AUBURN HILLS, Mich. -- Greg Kampe has been coaching at little-known Oakland longer than any of his players have been alive.
None of it prepared him for Saturday night.
His Golden Grizzlies overcame a 20-0 second-half run and stunned No. 23 Oregon 68-62 - the first win over a top-25 team in school history.
Kampe started at Oakland in 1984, when the program was still in Division II and called the Pioneers.
There have been other important moments in Oakland's 10 Division I seasons, including a 2000 win over Michigan and a victory over Alabama A&M in the 2005 NCAA tournament's play-in game, but Kampe put Saturday at the top.
"This is the most important game in my 24 years here," said an emotional Kampe. "People might say 'You beat Michigan and you won an NCAA Tournament game,' but this is the biggest."
The game was played at the Palace of Auburn Hills as the second half of a doubleheader that also included No. 9 Michigan State's 78-72 win over No. 4 Texas.
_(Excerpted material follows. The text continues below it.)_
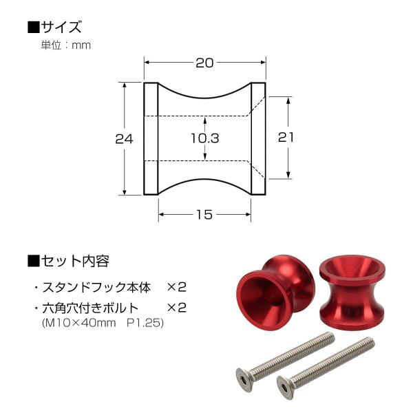 バイク スタンドフック M10 10mm 左右 2個セット レーシングスタンド メンテナンススタンド用 SZ308CHOISE

"We were the only school on the marquee that didn't have a number next to our name, but we showed people tonight how good we can be," Kampe said.
Derick Nelson led Oakland with 22 points and nine rebounds.
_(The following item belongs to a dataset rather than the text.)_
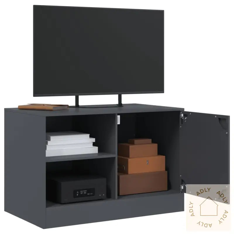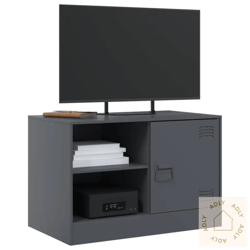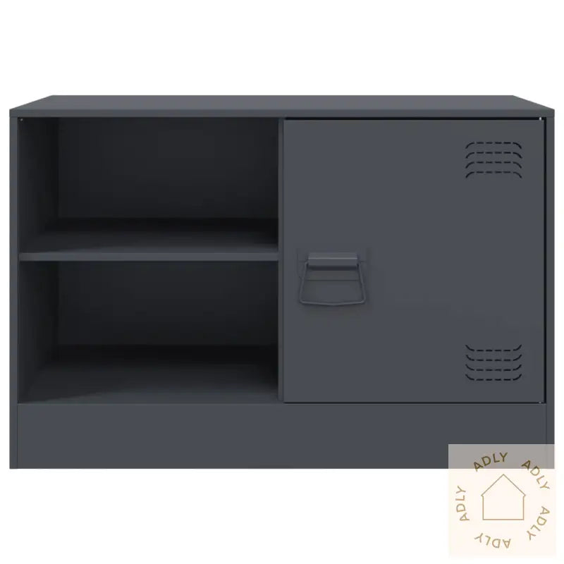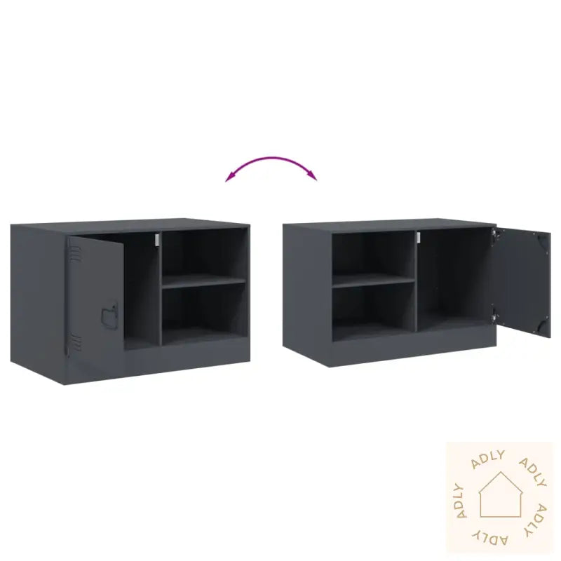 Brukervennlig håndtak: Skapet har et funksjonelt metallhåndtak som gjør det lett å åpne og lukke døren. Dette gir både praktisk bruk og et moderne uttrykk, som passer inn i ulike stiler av møbler til hjemmet.Farge: antrasittMateriale: kaldvalset stålMål: 67 x 39 x 44 cm (B x D x H)Passer til TV-skjermer: 51-76 cmMaks. belastning per benk: 160 kgUtstyrt med 2 hyller1 rom med dør1 metallhåndtakMontering krevesLeveransen inkluderer:2 x TV-benk

"This means a lot to me and to the rest of our players, but it means more to the program," Nelson said. "This is about all the players who helped bring Oakland to Division I and the players that will be here in the future."
Oakland (5-6) was only supposed to be the backdrop at a homecoming party for Oregon's two leading scorers, Detroit natives Malik Hairston and Tajuan Porter.
The duo won a state championship at Renaissance High School in Detroit in 2004, but struggled in their return. They average a combined 34.6 points, but had only 16 on 5-of-22 shooting against Oakland. Porter was just 1-of-9.
"It's always tough when you bring players back into their home environment for the first time, and have them play in front of all their families and friends," said Oregon coach Ernie Kent. "T.P. is usually in attack mode all the time, and tonight he looked tentative. It wasn't a good night for him."
The Ducks (8-3) were playing for the first time since losing 88-79 in overtime to Nebraska on Dec. 15.
"In these two games -- in all three of our losses -- we've gotten outworked and out-toughed," Kent said. "This is a veteran team, and we shouldn't be overlooking anyone, especially not on the road. Not the way we've been playing."
The upset looked doubtful when the Ducks used their 20-0 run to take a 46-39 lead with 14:33 left. Oakland missed nine straight shots and didn't score for nearly six minutes.
"We weren't prepared at the start of the second half," Nelson said. "We knew they were going to go on a run, and they did. After that, we just got back to what we had been doing."
The Golden Grizzlies came right back, rallying to take a 53-52 lead on Nelson's layup with 7:37 left. After a Hairston put-back, Erik Kangas hit a 3-pointer to give Oakland a two-point edge.
"For those six minutes, we were playing defense the way we are supposed to play it," Kent said. "We didn't get much from our bench, which has been a problem this year, and we didn't continue to play that way."
The margin got as high as six, but Porter's only basket of the game, a 3-pointer, tied it at 60 with three minutes left.
Nelson put Oakland back ahead with two free throws, and after Hairston was called for traveling, Johnathan Jones made it 64-60 from the line.
Porter missed a 3-pointer, then turned the ball over with 47 seconds left, forcing Oregon to start fouling.
The Golden Grizzlies missed two free throws in the final seconds, but it wasn't enough to allow the Ducks back into the game.
"It would have been great to not give up that lead and just cruise to a 15-point win, but I think this is better," Kampe said. "We played in this building, in front of 22,000 fans, and we were able to come back and beat a top-25 team after giving up a lead.